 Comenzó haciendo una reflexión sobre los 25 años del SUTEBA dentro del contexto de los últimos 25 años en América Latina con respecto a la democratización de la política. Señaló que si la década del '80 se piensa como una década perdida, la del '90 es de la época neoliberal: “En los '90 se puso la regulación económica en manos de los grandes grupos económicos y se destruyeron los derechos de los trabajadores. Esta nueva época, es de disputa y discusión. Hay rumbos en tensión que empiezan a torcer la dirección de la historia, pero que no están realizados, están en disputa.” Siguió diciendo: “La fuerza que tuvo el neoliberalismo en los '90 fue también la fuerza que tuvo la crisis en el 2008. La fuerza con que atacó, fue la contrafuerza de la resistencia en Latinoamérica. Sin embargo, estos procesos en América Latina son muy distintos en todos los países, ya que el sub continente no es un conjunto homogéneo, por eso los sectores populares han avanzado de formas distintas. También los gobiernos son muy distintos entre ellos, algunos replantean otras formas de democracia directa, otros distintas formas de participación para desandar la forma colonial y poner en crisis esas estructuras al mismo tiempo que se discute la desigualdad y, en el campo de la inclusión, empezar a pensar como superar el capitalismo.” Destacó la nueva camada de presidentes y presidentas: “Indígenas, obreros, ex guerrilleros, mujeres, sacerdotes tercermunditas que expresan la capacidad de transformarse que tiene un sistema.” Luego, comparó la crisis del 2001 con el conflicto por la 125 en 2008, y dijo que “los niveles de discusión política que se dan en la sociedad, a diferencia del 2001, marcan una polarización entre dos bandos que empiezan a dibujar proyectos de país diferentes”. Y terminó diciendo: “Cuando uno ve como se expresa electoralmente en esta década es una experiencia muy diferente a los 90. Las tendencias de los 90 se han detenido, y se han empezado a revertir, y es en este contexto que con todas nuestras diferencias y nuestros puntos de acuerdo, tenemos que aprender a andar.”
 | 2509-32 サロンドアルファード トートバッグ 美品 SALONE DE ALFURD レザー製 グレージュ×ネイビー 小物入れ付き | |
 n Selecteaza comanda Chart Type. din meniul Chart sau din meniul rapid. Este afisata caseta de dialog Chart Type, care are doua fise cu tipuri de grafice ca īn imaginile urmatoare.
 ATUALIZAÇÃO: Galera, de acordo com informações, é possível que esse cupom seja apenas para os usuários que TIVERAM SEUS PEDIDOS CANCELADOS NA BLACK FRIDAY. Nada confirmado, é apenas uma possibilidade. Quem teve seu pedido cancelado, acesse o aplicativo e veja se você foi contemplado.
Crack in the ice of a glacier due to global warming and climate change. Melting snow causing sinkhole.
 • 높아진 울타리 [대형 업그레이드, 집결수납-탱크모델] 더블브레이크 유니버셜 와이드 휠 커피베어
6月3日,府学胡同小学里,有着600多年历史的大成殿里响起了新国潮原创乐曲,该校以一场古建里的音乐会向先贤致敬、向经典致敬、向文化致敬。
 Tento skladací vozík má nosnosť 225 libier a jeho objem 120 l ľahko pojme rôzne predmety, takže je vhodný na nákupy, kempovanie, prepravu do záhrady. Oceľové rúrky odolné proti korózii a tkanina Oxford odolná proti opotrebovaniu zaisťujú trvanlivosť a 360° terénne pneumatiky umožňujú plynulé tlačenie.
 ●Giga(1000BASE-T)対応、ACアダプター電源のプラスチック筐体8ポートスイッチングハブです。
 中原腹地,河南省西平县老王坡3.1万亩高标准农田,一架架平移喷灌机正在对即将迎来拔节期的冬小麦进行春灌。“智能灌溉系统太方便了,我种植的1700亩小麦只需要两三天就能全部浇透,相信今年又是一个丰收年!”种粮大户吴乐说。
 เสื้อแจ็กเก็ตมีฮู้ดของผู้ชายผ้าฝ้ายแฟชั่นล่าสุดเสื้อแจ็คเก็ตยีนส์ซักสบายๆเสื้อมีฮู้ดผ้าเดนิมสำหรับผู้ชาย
***
### Exercise brief
The line containing "中原腹地,河南省西平县老王坡" marks the start. Repeat it and every line after it to the end of the listing above, exactly.

### Task result
 中原腹地,河南省西平县老王坡3.1万亩高标准农田,一架架平移喷灌机正在对即将迎来拔节期的冬小麦进行春灌。“智能灌溉系统太方便了,我种植的1700亩小麦只需要两三天就能全部浇透,相信今年又是一个丰收年!”种粮大户吴乐说。
 เสื้อแจ็กเก็ตมีฮู้ดของผู้ชายผ้าฝ้ายแฟชั่นล่าสุดเสื้อแจ็คเก็ตยีนส์ซักสบายๆเสื้อมีฮู้ดผ้าเดนิมสำหรับผู้ชาย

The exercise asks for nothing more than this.